*The data*:
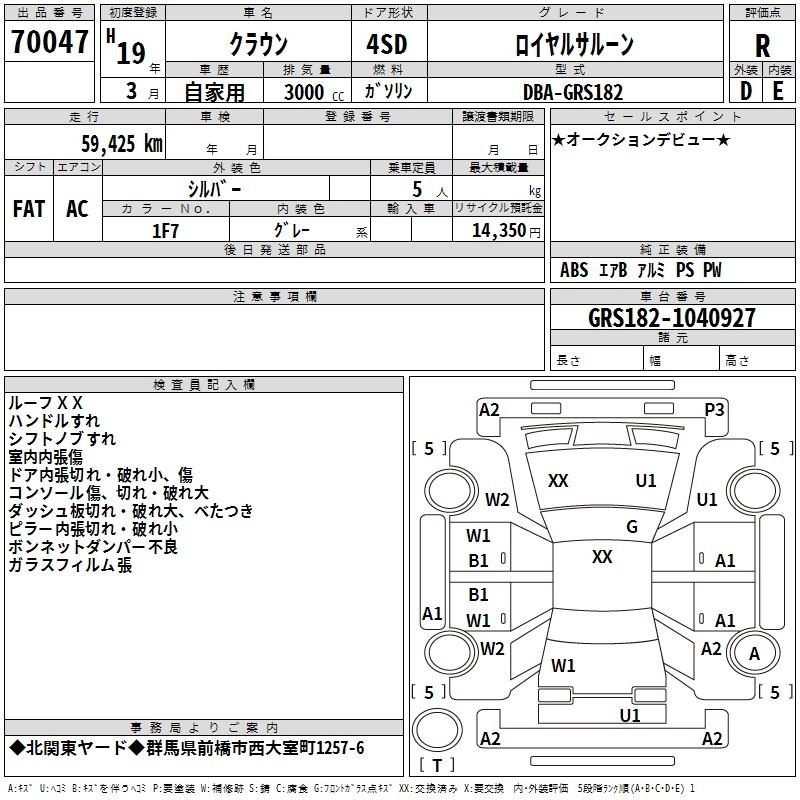 | ROYAL EXTRA I-FOUR Q PACKAGE PREMIUM EDITION | DBA-GRS181 | 4GR-FSE | Full-time 4WD | 5AT | 2499cc | 215ps(158kW)/6400rpm | AИ-95 | 4 420 500 | |
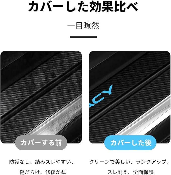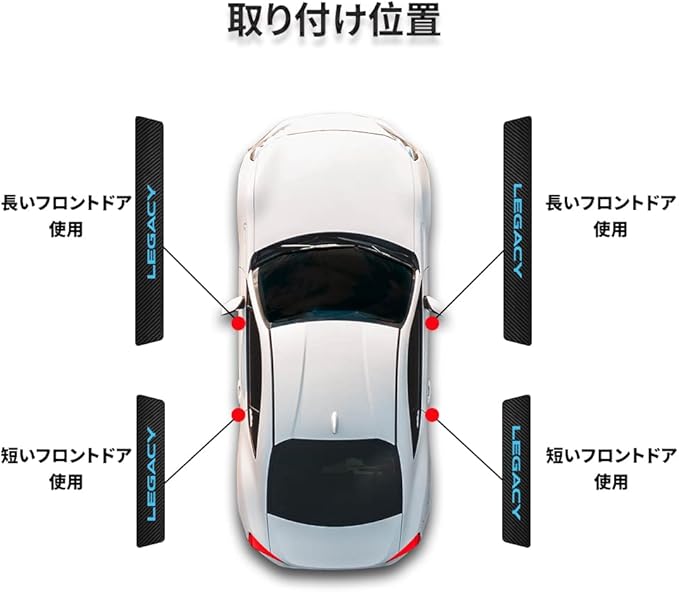 サイドステップガード スカッフプレート サイドモール スカッフプロテクトシート ドアガードステッカー 衝撃保護 キズ防止 傷防止 両面テープ付き 汚れ防止 4枚入れ 対応 スバル Forester, Outback Legacy (Legacy, ブルー)
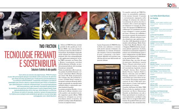Un aspetto centrale per TMD Friction è la sostenibilità ambientale dei sistemi frenanti . L ' azienda è costantemente impegnata nello sviluppo di soluzioni che riducono la produzione di polvere dei freni e il rumore , oltre a essere più leggere per diminuire il consumo di carburante . Gli ingegneri di TMD Friction collaborano con i produttori di veicoli per sviluppare e testare prodotti per freni e frizioni che soddisfino i più elevati requisiti di prestazioni e durabilità , offrendo soluzioni tecniche ottimali per ogni applicazione . Con oltre 4.200 dipendenti in tutto il mondo e sedi in Europa , Medio Oriente , Stati Uniti , Brasile , Messico , Cina e Giappone , TMD Friction ha una presenza globale significativa . In Italia , l ' azienda ha recentemente ampliato la propria rete di distribuzione grazie a nuove collaborazioni con Aldo Romeo e Autocom Palermo per la distribuzione dei marchi Textar e Don . Aldo Romeo Spa , con oltre 80 anni di esperienza , distribuirà i marchi Textar e Don per autovetture su tutto il territorio italiano , avvalendosi di 9 piattaforme logistiche situate a Napoli , Ancona , Bari , Catania , Rende , Pescara , Cagliari , Padova e Brescia . Autocom , nata nel 2000 a Palermo , distribuirà i prodotti frenanti Textar per autovetture in tutta la Sicilia dal proprio magazzino centrale di oltre 4.000 metri quadrati situato a Carini , hub logistico principale per la regione . A partire dall ' inizio del 2024 , TMD Friction Italia ha ampliato la collaborazione con Dierre Dimensione Ricambi , un distributore con sede a Roma specializzato in ricambi per i veicoli industriali e con filiali in tutta Italia . Dierre si occuperà della distribuzione dei prodotti Textar per veicoli commerciali , oltre al marchio Don .
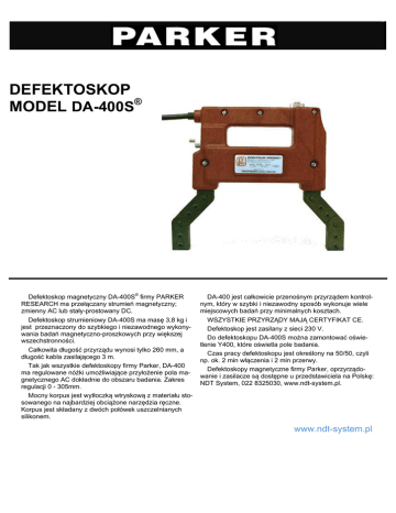 DEFEKTOSKOP MODEL DA-400S® Defektoskop magnetyczny DA-400S® firmy PARKER RESEARCH ma przełączany strumień magnetyczny; zmienny AC lub stały-prostowany DC. Defektoskop strumieniowy DA-400S ma masę 3,8 kg i jest przeznaczony do szybkiego i niezawodnego wykonywania badań magnetyczno-proszkowych przy większej wszechstronności. Całkowita długość przyrządu wynosi tylko 260 mm, a długość kabla zasilającego 3 m. Tak jak wszystkie defektoskopy firmy Parker, DA-400 ma regulowane nóżki umożliwiające przyłożenie pola magnetycznego AC dokładnie do obszaru badania. Zakres regulacji 0 - 305mm. Mocny korpus jest wytłoczką wtryskową z materiału stosowanego na najbardziej obciążone narzędzia ręczne. Korpus jest składany z dwóch połówek uszczelnianych silikonem. DA-400 jest całkowicie przenośnym przyrządem kontrolnym, który w szybki i niezawodny sposób wykonuje wiele miejscowych badań przy minimalnych kosztach. WSZYSTKIE PRZYRZĄDY MAJĄ CERTYFIKAT CE. Defektoskop jest zasilany z sieci 230 V. Do defektoskopu DA-400S można zamontować oświetlenie Y400, które oświetla pole badania. Czas pracy defektoskopu jest określony na 50/50, czyli np. ok. 2 min włączenia i 2 min przerwy. Defektoskopy magnetyczne firmy Parker, oprzyrządowanie i zasilacze są dostępne u przedstawiciela na Polskę: NDT System, 022 8325030, www.ndt-system.pl. www.ndt-system.pl
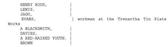 The action takes place on February 7th between the hours of noon and six in the afternoon, close to the Trenartha Tin Plate Works, on the borders of England and Wales, where a strike has been in progress throughout the winter.

*Exercise details*:
All lines from the start of the entries through the one with "サイドステップガード スカッフプレート サイドモール" are to be output exactly; omit the pictures.

*Result of this task*:
 | ROYAL EXTRA I-FOUR Q PACKAGE PREMIUM EDITION | DBA-GRS181 | 4GR-FSE | Full-time 4WD | 5AT | 2499cc | 215ps(158kW)/6400rpm | AИ-95 | 4 420 500 | |
 サイドステップガード スカッフプレート サイドモール スカッフプロテクトシート ドアガードステッカー 衝撃保護 キズ防止 傷防止 両面テープ付き 汚れ防止 4枚入れ 対応 スバル Forester, Outback Legacy (Legacy, ブルー)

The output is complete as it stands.